В первом своём кошмаре он вдруг почувствовал, какой опасности подвергнуто то, что объединяет их с Игорем. Прочувствовал на своей шкуре этот почти что животный страх, что у них отнимут их — вот так просто. Будто они не люди. Будто не могут позволить себе быть хоть на мгновение счастливыми. За день до этого их вместе видел лейтенант Зорин.

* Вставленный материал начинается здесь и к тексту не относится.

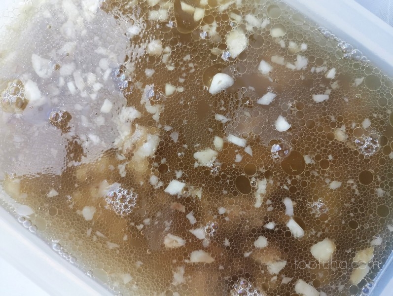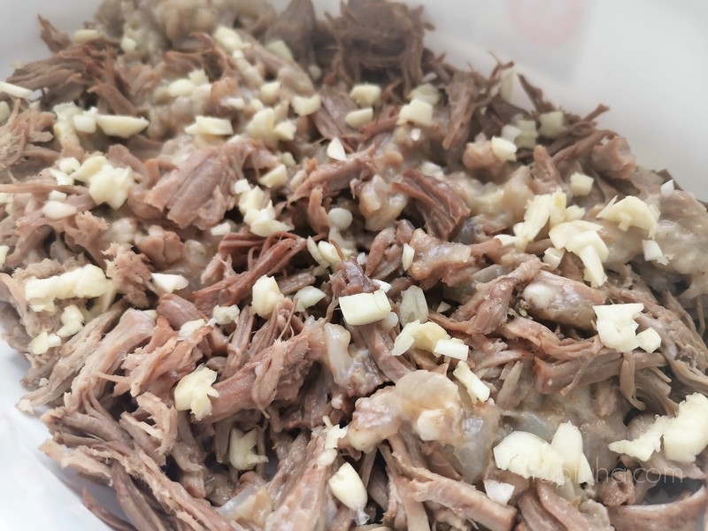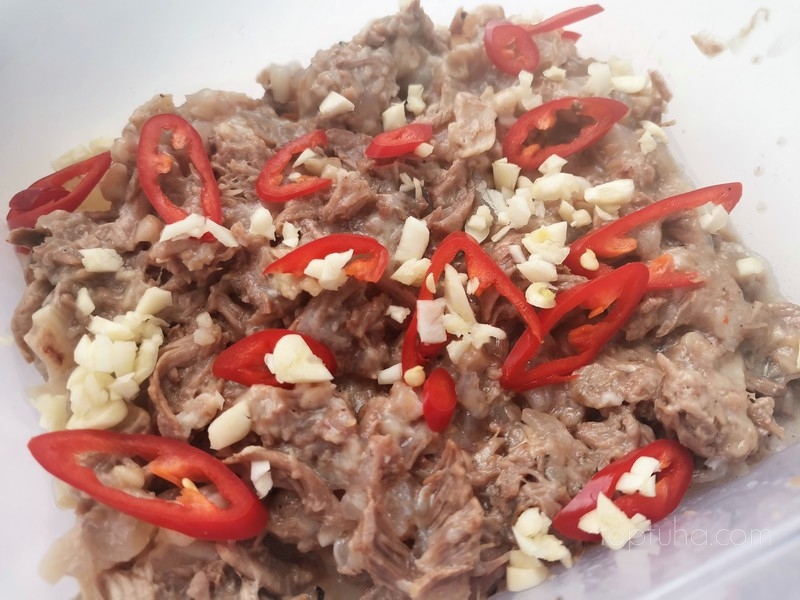 Мясо в этот раз разбирала и руками на волокна, некоторое порубала ножом, а «субстанцию» с костей однозначно измельчила тем же ножом. Пропорционально разместила в пластиковые, пригодные для горячего, ёмкости. Чеснок давлю ножом, потом рубаю. Сразу добавляю сверху мяса где-то 60% его количества. Остаток берегу.

Самое крепкое, самое родное и самое прекрасное, что у него было, что у них было, оказалось таким хрупким. Будто он и не знал, когда только начинал тонуть в этом чувстве, во что они оба ввязываются.
Затем приходили, ночь за ночью, и другие кошмары — и во всех он проваливался то в мрак, то в снег, окрашенный в красный, то шёл ко дну, видя собственное отражение на поверхности водной глади.
Игорь не задавал вопросов — всегда обнимал крепче, гладил по плечам, по волосам, шептал какую-то сонную сумятицу на ухо, вновь и вновь вызывая улыбку у своего полковника.
— Игорь… — мужчина тяжело опускается на кровать — та продавливается с лёгким скрипом, но Катамаранов и бровью не ведёт.
У его Игоря ресницы — вороньи крылья, непроглядно-чёрные, блестящие, длинные. Взмахнёт — и не станет ни этой хрущёвки, ни пахнущих хлоркой длинных занавесок, ни их самих.
И хорошо было бы.
Хорошо было бы, наверное, забыть о непрекращающемся бешеном яростном стуке в груди, о мимолётных взглядах ещё со школьной скамьи, о пьяных беседах на крышах домов.
Хорошо было бы утонуть в той же сонной безмятежности, в неведении, быть, как в материнской утробе — где есть лишь биение своего и чужого сердца.
Врач ему сказал, что у него аритмия. Аритмия… Да вот не в сердце только. В жизни. Всё идёт наперекосяк, стоит только оранжевой каске замельтешить на горизонте. Работа не работается, любые планы нарушаются, а сердце… сердце сходит с ума.
Неистово бьётся о рёбра, качает кровь с такой силой, что кончики ушей и скулы алеют, будто после пробежки. Бесконтрольно.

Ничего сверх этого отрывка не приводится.